■ Exercise objective
Please, without any pictures, set down exactly the part of the listing below that opens with the line containing "Lo sportello è" and closes with the line containing "строение речного рака.]()".

■ Data
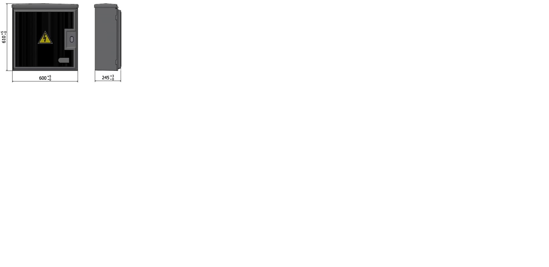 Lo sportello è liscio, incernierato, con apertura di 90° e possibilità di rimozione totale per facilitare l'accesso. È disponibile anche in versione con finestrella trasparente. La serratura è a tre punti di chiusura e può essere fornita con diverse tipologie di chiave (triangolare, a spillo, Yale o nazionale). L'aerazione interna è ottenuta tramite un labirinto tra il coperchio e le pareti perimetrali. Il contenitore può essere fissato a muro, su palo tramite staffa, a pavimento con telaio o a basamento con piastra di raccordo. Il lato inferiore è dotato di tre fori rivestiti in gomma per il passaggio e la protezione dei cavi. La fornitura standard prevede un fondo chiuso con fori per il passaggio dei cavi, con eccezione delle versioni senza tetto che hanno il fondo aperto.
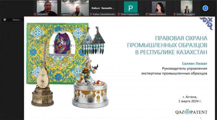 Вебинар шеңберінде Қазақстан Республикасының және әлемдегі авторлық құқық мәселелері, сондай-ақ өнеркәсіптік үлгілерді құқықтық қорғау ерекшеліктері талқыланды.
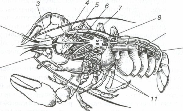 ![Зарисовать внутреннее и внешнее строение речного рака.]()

---

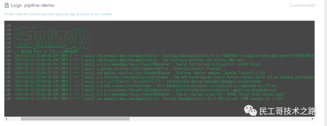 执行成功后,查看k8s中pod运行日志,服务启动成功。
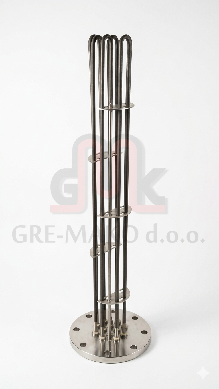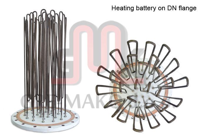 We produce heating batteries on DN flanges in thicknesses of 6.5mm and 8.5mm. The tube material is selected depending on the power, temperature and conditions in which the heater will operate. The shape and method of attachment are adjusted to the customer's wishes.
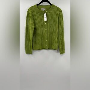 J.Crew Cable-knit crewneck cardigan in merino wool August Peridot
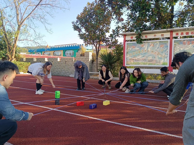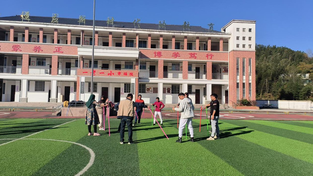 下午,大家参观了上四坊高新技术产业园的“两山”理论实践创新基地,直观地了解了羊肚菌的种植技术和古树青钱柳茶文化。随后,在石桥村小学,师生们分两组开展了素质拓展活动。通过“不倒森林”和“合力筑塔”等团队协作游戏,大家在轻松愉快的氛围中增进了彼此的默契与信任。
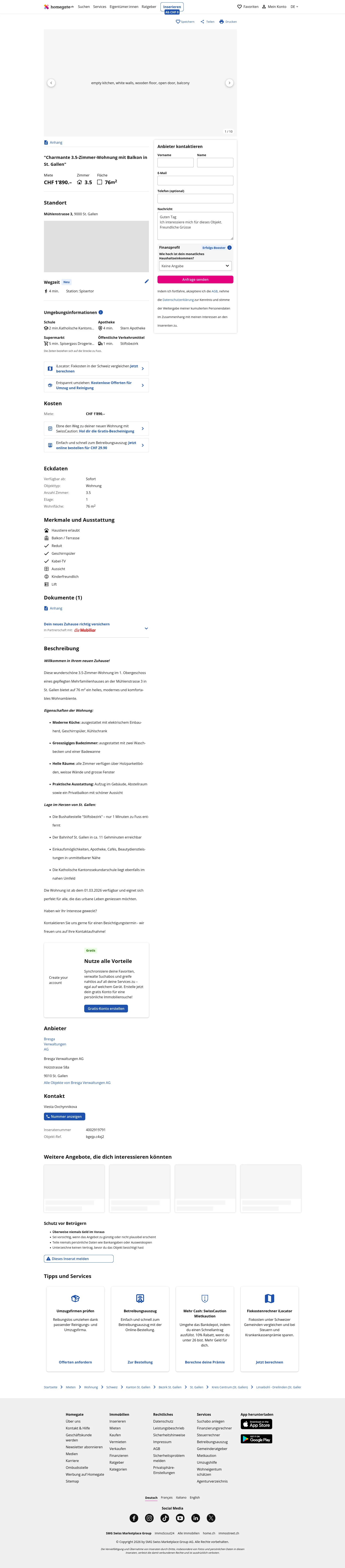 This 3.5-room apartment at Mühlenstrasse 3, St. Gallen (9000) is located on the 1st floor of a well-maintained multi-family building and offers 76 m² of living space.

--

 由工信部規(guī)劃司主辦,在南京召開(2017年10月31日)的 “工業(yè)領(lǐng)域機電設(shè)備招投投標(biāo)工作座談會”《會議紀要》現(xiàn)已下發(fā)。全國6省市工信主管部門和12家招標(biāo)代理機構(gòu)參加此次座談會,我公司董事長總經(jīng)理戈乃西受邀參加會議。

■ Response box
 Lo sportello è liscio, incernierato, con apertura di 90° e possibilità di rimozione totale per facilitare l'accesso. È disponibile anche in versione con finestrella trasparente. La serratura è a tre punti di chiusura e può essere fornita con diverse tipologie di chiave (triangolare, a spillo, Yale o nazionale). L'aerazione interna è ottenuta tramite un labirinto tra il coperchio e le pareti perimetrali. Il contenitore può essere fissato a muro, su palo tramite staffa, a pavimento con telaio o a basamento con piastra di raccordo. Il lato inferiore è dotato di tre fori rivestiti in gomma per il passaggio e la protezione dei cavi. La fornitura standard prevede un fondo chiuso con fori per il passaggio dei cavi, con eccezione delle versioni senza tetto che hanno il fondo aperto.
 Вебинар шеңберінде Қазақстан Республикасының және әлемдегі авторлық құқық мәселелері, сондай-ақ өнеркәсіптік үлгілерді құқықтық қорғау ерекшеліктері талқыланды.
 ![Зарисовать внутреннее и внешнее строение речного рака.]()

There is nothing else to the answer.